── Exercise material

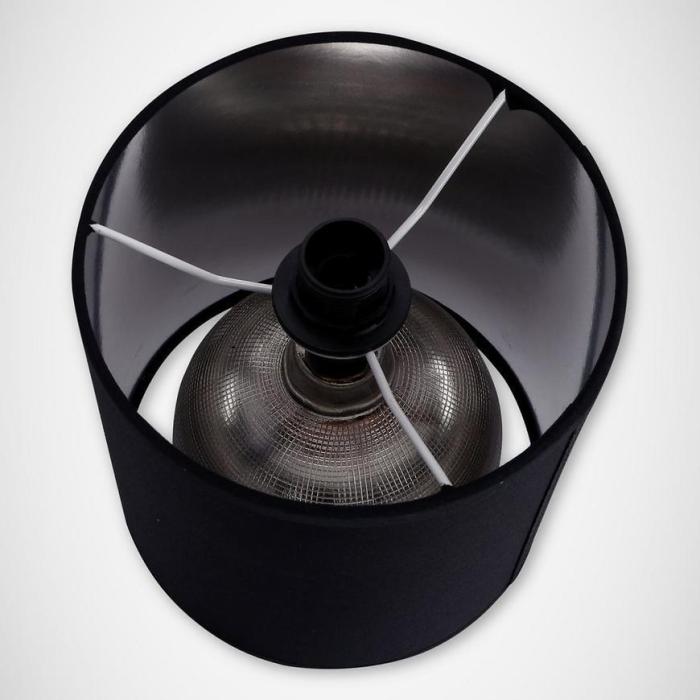 Lampa stołowa w kolorze srebrno-czarnym. Lampka posiada włącznik.
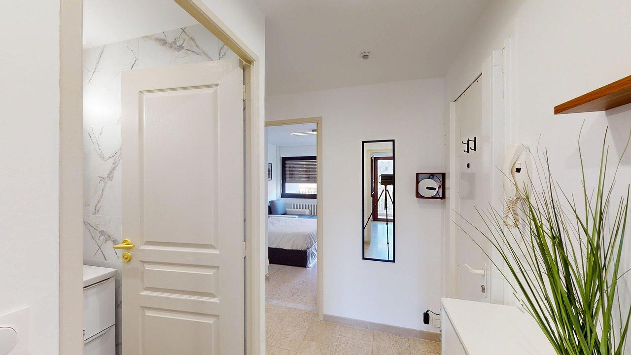 La chambre 1 est spacieuse et très fonctionnelle. Elle est équipée d’un lit double, d’un bureau avec chaise et lampe, d’un placard ainsi que d’une grande et d’une petite commode, offrant de nombreux rangements. Elle bénéficie en plus d’un accès direct à une loggia vitrée, apportant luminosité et espace supplémentaire 🌿.
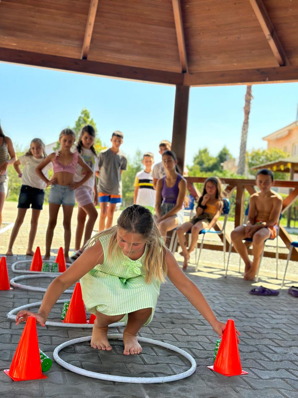 es nicht mehr so extrem heiß ist, Spiele im Freien gemacht.
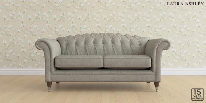 7.0.3 Buy Gloucester Button Back by Laura Ashley 3 Seater Small Sofa Bainton Pale Steel Grey Low Chrome Castor - Chestnut from the Next UK online shop Click here to use our accessible website
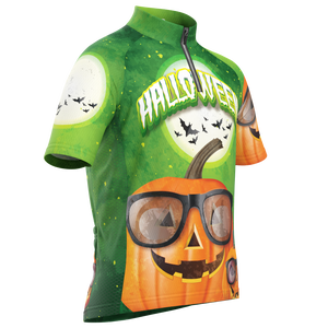 Kid's Halloween Pumpkin Glasses Short Sleeve Cycling Jersey
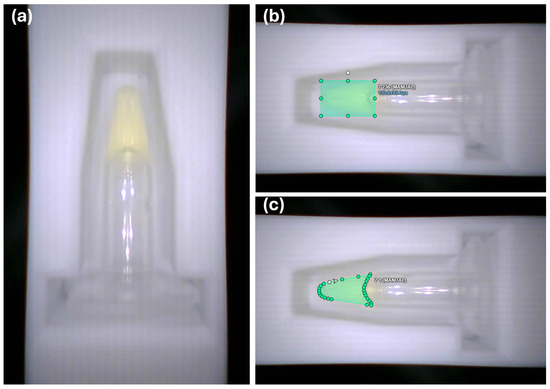 Example of dataset annotations. (a) Original image acquired by the device camera showing a vial positioned in the drawer, along with the image resolution. (b) Bounding box annotation used for YOLOv4-CNN training. (c) Pixel-wise segmentation mask used for YOLOv8 training.
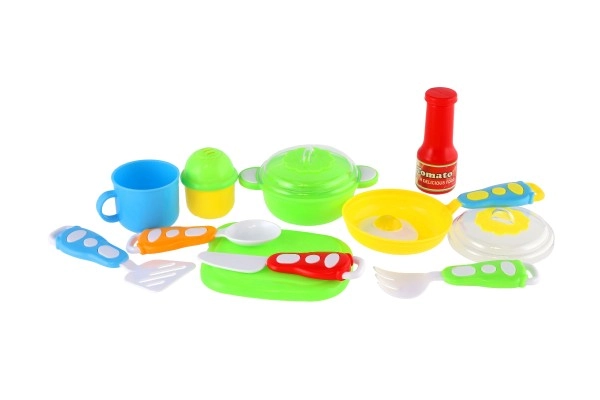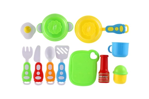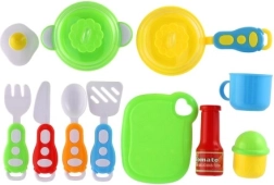Αναπτύξτε τη φαντασία των παιδιών με αυτό το πολύχρωμο σετ παιδικών σκευών 13 τεμαχίων, που προσφέρει ό,τι χρειάζεται για ρεαλιστικό παιχνίδι μαγειρέματος. Περιλαμβάνει τηγάνι και κατσαρολάκι με καπάκι, επιφάνεια κοπής, μαχαιροπίρουνα, κουπάκι, αυγό τηγανητό, «σάλτσα ντομάτας» και αλατιέρα. Ιδανικό για παιδιά από 3 ετών – για δημιουργικό, ασφαλές και εκπαιδευτικό παιχνίδι.
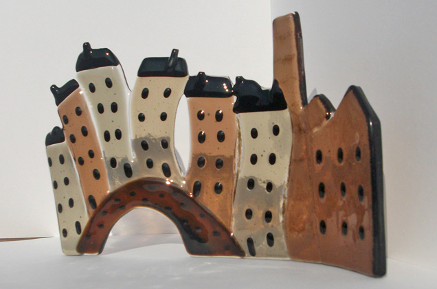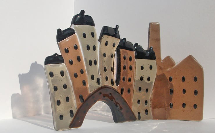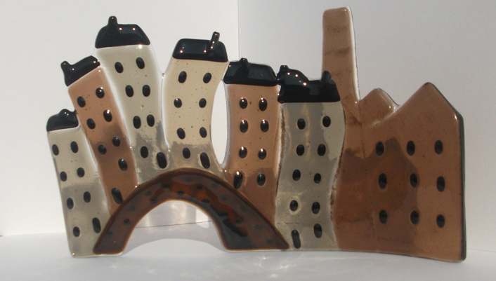 A row of typical top – bottom Pennine houses with a mill and bridge. Inspired by my home town of Hebden Bridge.
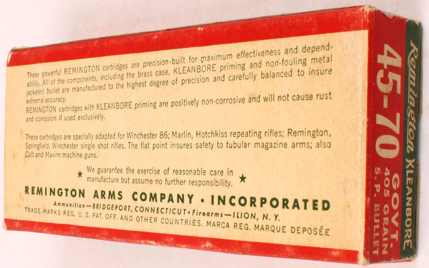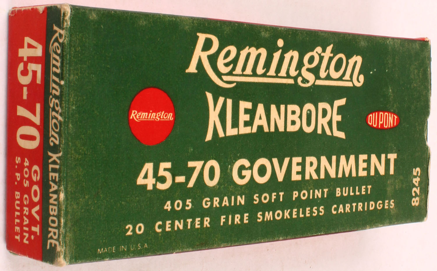 Remington, Kleanbore, .45-70 Government, 405 Grain Soft Point Bullet, Full, 1pc. Green red & white box, box is solid with excellent color, very minor age soiling & shelf wear, minor corner wear, edges are mostly crisp, end flaps are solid, ammo is excellent. Grade: Excellent + - Value: 30 to 90
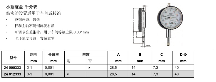 鼠标按住图片可看放大效果VOGEL 千分表,0-1mm/0.001mm(防震型),24 012333
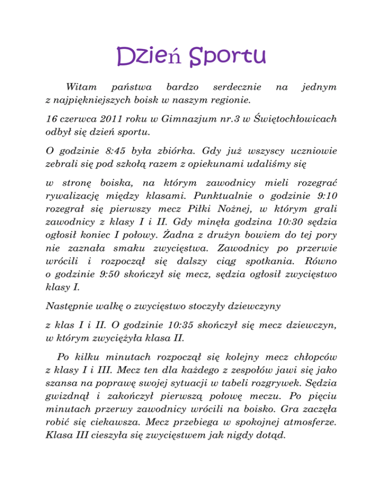 Dzień Sportu Witam państwa bardzo serdecznie z najpiękniejszych boisk w naszym regionie. na jednym 16 czerwca 2011 roku w Gimnazjum nr.3 w Świętochłowicach odbył się dzień sportu. O godzinie 8:45 była zbiórka. Gdy już wszyscy uczniowie zebrali się pod szkołą razem z opiekunami udaliśmy się w stronę boiska, na którym zawodnicy mieli rozegrać rywalizację między klasami. Punktualnie o godzinie 9:10 rozegrał się pierwszy mecz Piłki Nożnej, w którym grali zawodnicy z klasy I i II. Gdy minęła godzina 10:30 sędzia ogłosił koniec I połowy. Żadna z drużyn bowiem do tej pory nie zaznała smaku zwycięstwa. Zawodnicy po przerwie wrócili i rozpoczął się dalszy ciąg spotkania. Równo o godzinie 9:50 skończył się mecz, sędzia ogłosił zwycięstwo klasy I. Następnie walkę o zwycięstwo stoczyły dziewczyny z klas I i II. O godzinie 10:35 skończył się mecz dziewczyn, w którym zwyciężyła klasa II. Po kilku minutach rozpoczął się kolejny mecz chłopców z klasy I i III. Mecz ten dla każdego z zespołów jawi się jako szansa na poprawę swojej sytuacji w tabeli rozgrywek. Sędzia gwizdnął i zakończył pierwszą połowę meczu. Po pięciu minutach przerwy zawodnicy wrócili na boisko. Gra zaczęła robić się ciekawsza. Mecz przebiega w spokojnej atmosferze. Klasa III cieszyła się zwycięstwem jak nigdy dotąd. Następnie spór o zwycięstwo stoczyli zawodnicy z klas II i III. Mecz zaczął się o godzinie 11:30. Wzbudza on olbrzymie emocje zarówno zawodników jak i nas, gorących kibiców każdego z zespołów. Na boisku przed państwem stają obie drużyny. Cóż to za emocje – proszę państwa! W tych ostatnich sekundach przed rozpoczęciem meczu zawodnicy aż drżą ze zniecierpliwienia. I oto gwizdek – sędzia rozpoczął mecz. Mija dziesięć minut spotkania. Sytuacja staje się nieciekawa. Zawodnicy z klasy III przyspieszają. Oto przed nami zawodnicy przystępują do akcji. Jakby dopiero teraz zrozumieli dlaczego tutaj są. Sędzia ogłasza koniec I połowy. Nadeszła godzina 11:50 i rozpoczęła się II połowa meczu. Cóż to za tempo! Jakaż klasa! Zawodnicy klasy III strzelili właśnie siódmą bramkę. Ten mecz dobitnie pokazuje jak ważne jest zwycięstwo klasy III. To niemożliwe!!! Proszę państwa! Mamy ósmą bramkę. Na trybunach szaleństwo. Kibice cieszą się błyskawicznym tempem swoich drużyn. Właśnie usłyszeliśmy gwizdek, oznacza to koniec meczu. Sędzia ogłasza wyniki. Klasa III cieszy się ze zwycięstwa. Uważam, że była to maksymalna dawka adrenaliny. Był to naprawdę ciekawy dzień. Mamy nadzieję, że będziemy mogli oglądać dalsze sukcesy naszego gimnazjum. Drużyny: Klasa I chłopcy: Klasa II chłopcy: 1. Daniel Gondek 2. Krzysztof Hunger 3. Kamil Brygman 4. Daniel Gamon 5. Kamil Gaszi Klasa I Dziewczyny: 1. Dawid Skrabania 2. Mateusz Kurpan 3. Robert Połuch 4. Łukasz Szner 5. Paweł Gambuś Klasa II Dziewczyny: 1. Jola Wilgos 2. Sylwia Kubat 3. Marta Franiak 4. Martyna Rogala 5. Natalia Bryjok 1. Sylwia Kozielska 2. Angelika Biela 3. Adrianna Antończyk 4. Agnieszka Dyga 5. Agnieszka Skrabania Klasa III chłopcy: 1. Denis Krzymyczek 2. Roman Gorczinski 3. Dawid Jeziorowski 4. Dawid Gamon 5. Patryk Kuszel 6. Filip Brandt Wyniki Klasa I chłopcy : Klasa II chłopcy 9:3 Klasa I chłopcy : Klasa III chłopcy 3:7 Klasa II chłopcy : Klasa III chłopcy 2:8 Klasa I dziewczyny : Klasa II dziewczyny 0:1 Klasyfikacja końcowa I miejsce – klasa III II miejsce – klasa I III miejsce – klasa II

────

* **What is needed**
These entries are to be printed again word for word, except for the pictures.

* **Solution to this task**
 Lampa stołowa w kolorze srebrno-czarnym. Lampka posiada włącznik.
 La chambre 1 est spacieuse et très fonctionnelle. Elle est équipée d’un lit double, d’un bureau avec chaise et lampe, d’un placard ainsi que d’une grande et d’une petite commode, offrant de nombreux rangements. Elle bénéficie en plus d’un accès direct à une loggia vitrée, apportant luminosité et espace supplémentaire 🌿.
 es nicht mehr so extrem heiß ist, Spiele im Freien gemacht.
 7.0.3 Buy Gloucester Button Back by Laura Ashley 3 Seater Small Sofa Bainton Pale Steel Grey Low Chrome Castor - Chestnut from the Next UK online shop Click here to use our accessible website
 Kid's Halloween Pumpkin Glasses Short Sleeve Cycling Jersey
 Example of dataset annotations. (a) Original image acquired by the device camera showing a vial positioned in the drawer, along with the image resolution. (b) Bounding box annotation used for YOLOv4-CNN training. (c) Pixel-wise segmentation mask used for YOLOv8 training.
Αναπτύξτε τη φαντασία των παιδιών με αυτό το πολύχρωμο σετ παιδικών σκευών 13 τεμαχίων, που προσφέρει ό,τι χρειάζεται για ρεαλιστικό παιχνίδι μαγειρέματος. Περιλαμβάνει τηγάνι και κατσαρολάκι με καπάκι, επιφάνεια κοπής, μαχαιροπίρουνα, κουπάκι, αυγό τηγανητό, «σάλτσα ντομάτας» και αλατιέρα. Ιδανικό για παιδιά από 3 ετών – για δημιουργικό, ασφαλές και εκπαιδευτικό παιχνίδι.
 A row of typical top – bottom Pennine houses with a mill and bridge. Inspired by my home town of Hebden Bridge.
 Remington, Kleanbore, .45-70 Government, 405 Grain Soft Point Bullet, Full, 1pc. Green red & white box, box is solid with excellent color, very minor age soiling & shelf wear, minor corner wear, edges are mostly crisp, end flaps are solid, ammo is excellent. Grade: Excellent + - Value: 30 to 90
 鼠标按住图片可看放大效果VOGEL 千分表,0-1mm/0.001mm(防震型),24 012333
 Dzień Sportu Witam państwa bardzo serdecznie z najpiękniejszych boisk w naszym regionie. na jednym 16 czerwca 2011 roku w Gimnazjum nr.3 w Świętochłowicach odbył się dzień sportu. O godzinie 8:45 była zbiórka. Gdy już wszyscy uczniowie zebrali się pod szkołą razem z opiekunami udaliśmy się w stronę boiska, na którym zawodnicy mieli rozegrać rywalizację między klasami. Punktualnie o godzinie 9:10 rozegrał się pierwszy mecz Piłki Nożnej, w którym grali zawodnicy z klasy I i II. Gdy minęła godzina 10:30 sędzia ogłosił koniec I połowy. Żadna z drużyn bowiem do tej pory nie zaznała smaku zwycięstwa. Zawodnicy po przerwie wrócili i rozpoczął się dalszy ciąg spotkania. Równo o godzinie 9:50 skończył się mecz, sędzia ogłosił zwycięstwo klasy I. Następnie walkę o zwycięstwo stoczyły dziewczyny z klas I i II. O godzinie 10:35 skończył się mecz dziewczyn, w którym zwyciężyła klasa II. Po kilku minutach rozpoczął się kolejny mecz chłopców z klasy I i III. Mecz ten dla każdego z zespołów jawi się jako szansa na poprawę swojej sytuacji w tabeli rozgrywek. Sędzia gwizdnął i zakończył pierwszą połowę meczu. Po pięciu minutach przerwy zawodnicy wrócili na boisko. Gra zaczęła robić się ciekawsza. Mecz przebiega w spokojnej atmosferze. Klasa III cieszyła się zwycięstwem jak nigdy dotąd. Następnie spór o zwycięstwo stoczyli zawodnicy z klas II i III. Mecz zaczął się o godzinie 11:30. Wzbudza on olbrzymie emocje zarówno zawodników jak i nas, gorących kibiców każdego z zespołów. Na boisku przed państwem stają obie drużyny. Cóż to za emocje – proszę państwa! W tych ostatnich sekundach przed rozpoczęciem meczu zawodnicy aż drżą ze zniecierpliwienia. I oto gwizdek – sędzia rozpoczął mecz. Mija dziesięć minut spotkania. Sytuacja staje się nieciekawa. Zawodnicy z klasy III przyspieszają. Oto przed nami zawodnicy przystępują do akcji. Jakby dopiero teraz zrozumieli dlaczego tutaj są. Sędzia ogłasza koniec I połowy. Nadeszła godzina 11:50 i rozpoczęła się II połowa meczu. Cóż to za tempo! Jakaż klasa! Zawodnicy klasy III strzelili właśnie siódmą bramkę. Ten mecz dobitnie pokazuje jak ważne jest zwycięstwo klasy III. To niemożliwe!!! Proszę państwa! Mamy ósmą bramkę. Na trybunach szaleństwo. Kibice cieszą się błyskawicznym tempem swoich drużyn. Właśnie usłyszeliśmy gwizdek, oznacza to koniec meczu. Sędzia ogłasza wyniki. Klasa III cieszy się ze zwycięstwa. Uważam, że była to maksymalna dawka adrenaliny. Był to naprawdę ciekawy dzień. Mamy nadzieję, że będziemy mogli oglądać dalsze sukcesy naszego gimnazjum. Drużyny: Klasa I chłopcy: Klasa II chłopcy: 1. Daniel Gondek 2. Krzysztof Hunger 3. Kamil Brygman 4. Daniel Gamon 5. Kamil Gaszi Klasa I Dziewczyny: 1. Dawid Skrabania 2. Mateusz Kurpan 3. Robert Połuch 4. Łukasz Szner 5. Paweł Gambuś Klasa II Dziewczyny: 1. Jola Wilgos 2. Sylwia Kubat 3. Marta Franiak 4. Martyna Rogala 5. Natalia Bryjok 1. Sylwia Kozielska 2. Angelika Biela 3. Adrianna Antończyk 4. Agnieszka Dyga 5. Agnieszka Skrabania Klasa III chłopcy: 1. Denis Krzymyczek 2. Roman Gorczinski 3. Dawid Jeziorowski 4. Dawid Gamon 5. Patryk Kuszel 6. Filip Brandt Wyniki Klasa I chłopcy : Klasa II chłopcy 9:3 Klasa I chłopcy : Klasa III chłopcy 3:7 Klasa II chłopcy : Klasa III chłopcy 2:8 Klasa I dziewczyny : Klasa II dziewczyny 0:1 Klasyfikacja końcowa I miejsce – klasa III II miejsce – klasa I III miejsce – klasa II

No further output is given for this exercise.